The former Openai researcher dissects one of the phantom spins for Chatgpt

Alan Brooks has not started to re -invent mathematics. But after weeks he spent chatting with Chatgpt, 47 -year -old Canadian became believed to have discovered a new form of mathematics strong enough to remove the Internet.

Broks – who had no history of mental or sporty disease – spent 21 days in May rising in Chatbot cleansing, and it was later down at New York Times. His case explained how artificial intelligence chat can venture into dangerous rabbits holes with users, which leads to illusion or worse.

This story drew the attention of Stephen Adler, a former Openai safety researcher who left the company in late 2024 after nearly four years of work to make its models less harmful. Adler called optimistic and worrying, and got the full text of its three-week collapse-a longer document than all the seven Harry Potter books combined.

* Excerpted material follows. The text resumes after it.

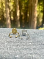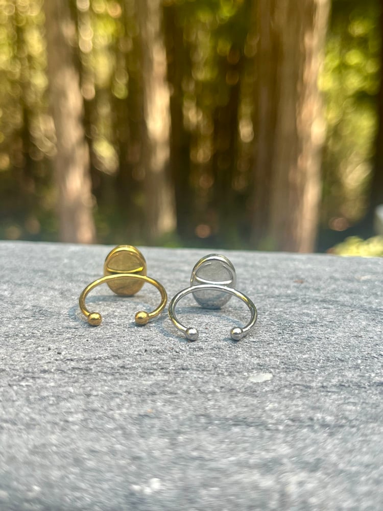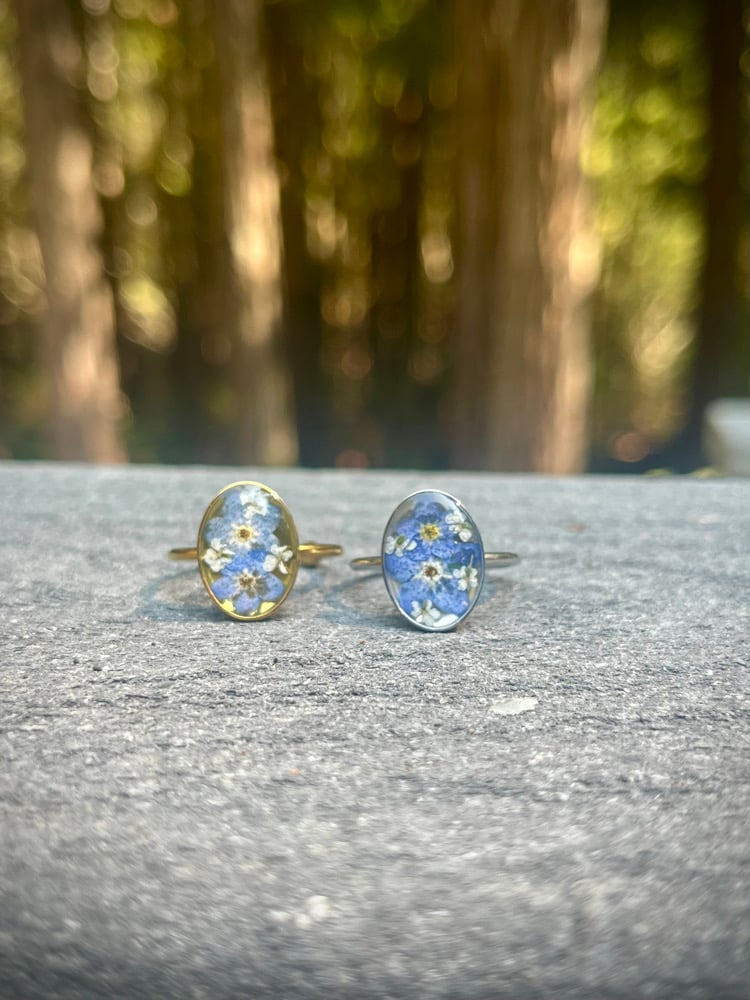 Natural Forget-Me-Not flowers, and Queen Anne’s Lace, preserved in resin. Choice of stainless steel,or gold plated steel metal. Adjustable, open back.

On Thursday, Adler was published Independent analysis From the Brox accident, it raised questions about how Openai dealt with users in moments of crises and made some practical recommendations.

“I am really worried about how Openai deals with support here,” Adler said in an interview with Techcrunch. “It is evidence of a long way.”

The Bruges story, and other likes, forced OpenAi to reconcile with how to support Chatgpt for fragile or mentally unstable users.

For example, in August, Openai was Prosecute by parents From a 16 -year -old boy, he trusted his suicide ideas in Shatha, before he took his life. In many of these cases, ChatGPT-specifically encouraged an OpenAi-4O version of the dangerous beliefs enhanced by users that should have been retracted. This is called SycophanceIt is an increased problem in AI Chatbots.

In response, I made Openai Several changes How to process Chatgpt users in emotional distress and He reorganized a major research team Responsible for the behavior of the model. The company has also released a new virtual model in ChatGPT, GPT-5, This seems better in dealing with worshipers.

Adler says there is still a lot of work.

It was particularly concerned about the end of the Brox’s escalating conversation with ChatGPT. At this stage, Bruks reached his senses and realized that his sporting discovery was a farce, despite the insistence of GPT-4O. He told Chatgpt that he needs to report the accident to Openai.

After weeks of misleading Brooks, ChatGPT lied about their own capabilities. Chatbot claimed that “this conversation will escalate internally for the review by Openai”, and then reassured Bruks repeatedly that she had a sign of safety teams in Openai.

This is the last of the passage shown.